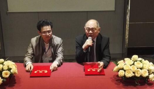中国林产工业协会秘书长石峰(右)与八戒工程网总裁唐兵(左)签署战略协议。中国经济网记者 佟明彪/摄
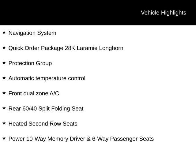 Local Trade. 4-Wheel Disc Brakes, 6000# Front Axle w/Hub Ext, Auto Level Rear Air Suspension, Automatic temperature control, Box & Rear Fender Clearance Lamps, Brake assist, Bucket Seats, Chrome Tubular Side Steps, Clearance Lamps, Delay-off headlights, Dual front impact airbags, Dual front side impact airbags, Dual Rear Wheel Fender Flare Tracking, Dual Rear Wheels, Electronic Stability Control, Front anti-roll bar, Front Bucket Seats, Front dual zone A/C, Front fog lights, Fully automatic headlights, Garage door transmitter, Genuine wood console insert, Genuine wood dashboard insert, Genuine wood door panel insert, Heated door mirrors, Heated Front Seats, Heated front seats, Heated rear seats, Heated Second Row Seats, High Back Seats, Leather steering wheel, Low tire pressure warning, Memory seat, Navigation System, Occupant sensing airbag, Outside temperature display, Overhead airbag, ParkView Rear Back-Up Camera, Pedal memory, Power 10-Way Memory Driver & 6-Way Passenger Seats, Power driver seat, Power passenger seat, Power steering, Power Sunroof, Power windows, Protection Group, Quick Order Package 28K Laramie Longhorn, Rear 60/40 Split Folding Seat, Rear reading lights, Rear seat center armrest, Remote keyless entry, Split folding rear seat, Steering wheel mounted audio controls, Tilt steering wheel, Tip Start, Tire Pressure Monitoring Delete, Turn signal indicator mirrors, Ventilated Front Seats, Ventilated front seats, Wheels: 17" x 6.0" Premium Aluminum.
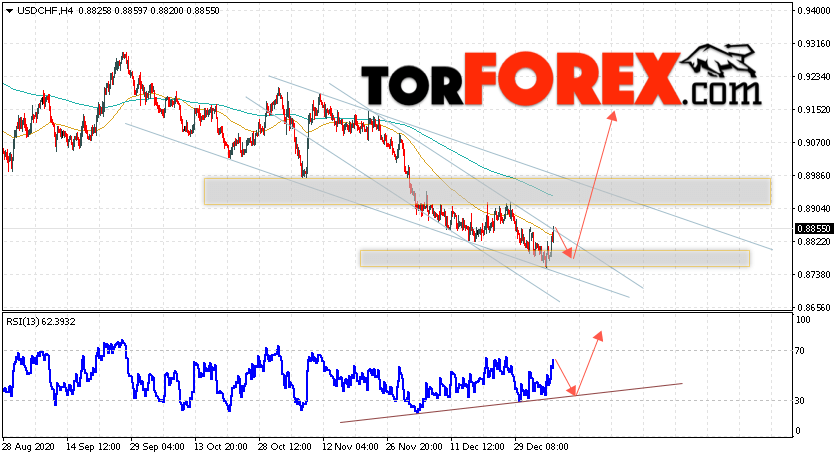 Таким образом, USD/CHF прогноз Доллар Франк на 8 января 2021 предполагает попытку теста области поддержки вблизи уровня 0.8795. Далее, продолжение роста валютной пары USD/CHF с целью выше уровня 0.9165. Дополнительным сигналом в пользу подъёма пары Доллар Франк выступит тест линии тренда на индикаторе относительной силы. Отменой варианта роста станет падение и пробой области 0.8705. Это укажет на пробой уровня поддержки и продолжение падения пары с потенциальной целью ниже уровня 0.8525.
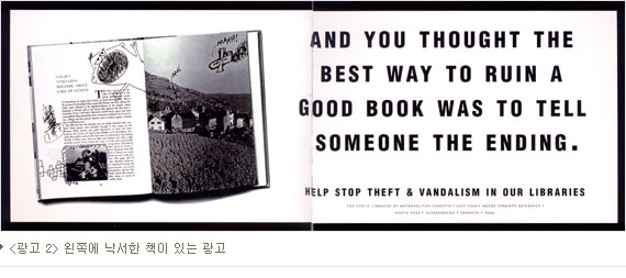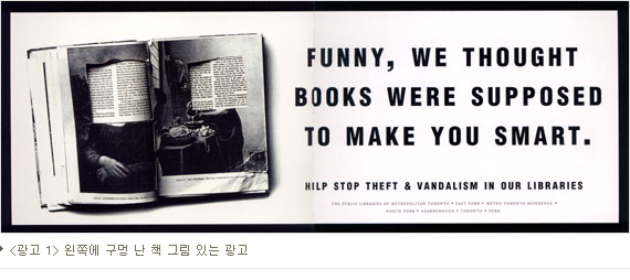 화면 왼쪽에 네모난 구멍이 생긴 책을 보고, 시선이 오른쪽으로 가면 커다란 글씨의 카피를 읽게 됩니다. “우습군요, 책은 원래 당신을 똑똑하게 만들어 주는 것이라고 생각했는데.” 그리고는 이어지는 작은 글씨의 카피로 눈이 갑니다. “우리 모두의 도서관에서 도둑질과 야만적인 행동을 하지 못하게 도와주세요. 메트로폴리턴 토론토 공공 도서관”. 복사기와 스캐너가 많지 않았던 시절에 이런 일이 많이 벌어졌지요. 요즘은 많이 나아졌을 줄 알았는데 도구만 변했더군요.
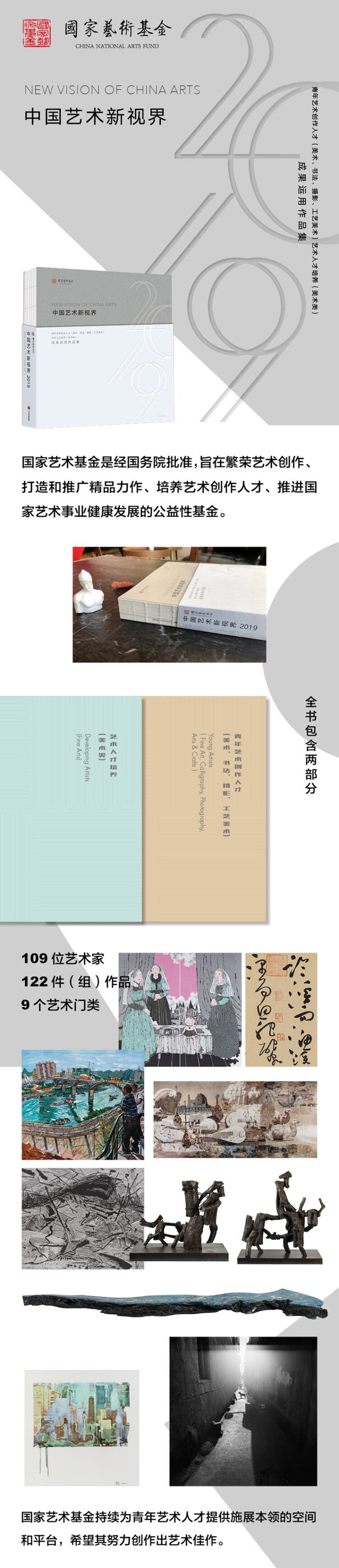 本书将借由“中国艺术新视界2019——国家艺术基金青年艺术创作人才(美术、书法、摄影、工艺美术)成果运用作品巡展”,对获得滚动资助项目的作品集结成册。这些作品反映了当下我国青年艺术工作者的思考探索和创新实践,也为了解我国青年艺术创作的新特点提供新的视野。
+ + + + + + +
Work order: The answer should hold every entry exactly as given and no pictures at all.

Result for this exercise:
中国林产工业协会秘书长石峰(右)与八戒工程网总裁唐兵(左)签署战略协议。中国经济网记者 佟明彪/摄
 Local Trade. 4-Wheel Disc Brakes, 6000# Front Axle w/Hub Ext, Auto Level Rear Air Suspension, Automatic temperature control, Box & Rear Fender Clearance Lamps, Brake assist, Bucket Seats, Chrome Tubular Side Steps, Clearance Lamps, Delay-off headlights, Dual front impact airbags, Dual front side impact airbags, Dual Rear Wheel Fender Flare Tracking, Dual Rear Wheels, Electronic Stability Control, Front anti-roll bar, Front Bucket Seats, Front dual zone A/C, Front fog lights, Fully automatic headlights, Garage door transmitter, Genuine wood console insert, Genuine wood dashboard insert, Genuine wood door panel insert, Heated door mirrors, Heated Front Seats, Heated front seats, Heated rear seats, Heated Second Row Seats, High Back Seats, Leather steering wheel, Low tire pressure warning, Memory seat, Navigation System, Occupant sensing airbag, Outside temperature display, Overhead airbag, ParkView Rear Back-Up Camera, Pedal memory, Power 10-Way Memory Driver & 6-Way Passenger Seats, Power driver seat, Power passenger seat, Power steering, Power Sunroof, Power windows, Protection Group, Quick Order Package 28K Laramie Longhorn, Rear 60/40 Split Folding Seat, Rear reading lights, Rear seat center armrest, Remote keyless entry, Split folding rear seat, Steering wheel mounted audio controls, Tilt steering wheel, Tip Start, Tire Pressure Monitoring Delete, Turn signal indicator mirrors, Ventilated Front Seats, Ventilated front seats, Wheels: 17" x 6.0" Premium Aluminum.
 Таким образом, USD/CHF прогноз Доллар Франк на 8 января 2021 предполагает попытку теста области поддержки вблизи уровня 0.8795. Далее, продолжение роста валютной пары USD/CHF с целью выше уровня 0.9165. Дополнительным сигналом в пользу подъёма пары Доллар Франк выступит тест линии тренда на индикаторе относительной силы. Отменой варианта роста станет падение и пробой области 0.8705. Это укажет на пробой уровня поддержки и продолжение падения пары с потенциальной целью ниже уровня 0.8525.
 화면 왼쪽에 네모난 구멍이 생긴 책을 보고, 시선이 오른쪽으로 가면 커다란 글씨의 카피를 읽게 됩니다. “우습군요, 책은 원래 당신을 똑똑하게 만들어 주는 것이라고 생각했는데.” 그리고는 이어지는 작은 글씨의 카피로 눈이 갑니다. “우리 모두의 도서관에서 도둑질과 야만적인 행동을 하지 못하게 도와주세요. 메트로폴리턴 토론토 공공 도서관”. 복사기와 스캐너가 많지 않았던 시절에 이런 일이 많이 벌어졌지요. 요즘은 많이 나아졌을 줄 알았는데 도구만 변했더군요.
 本书将借由“中国艺术新视界2019——国家艺术基金青年艺术创作人才(美术、书法、摄影、工艺美术)成果运用作品巡展”,对获得滚动资助项目的作品集结成册。这些作品反映了当下我国青年艺术工作者的思考探索和创新实践,也为了解我国青年艺术创作的新特点提供新的视野。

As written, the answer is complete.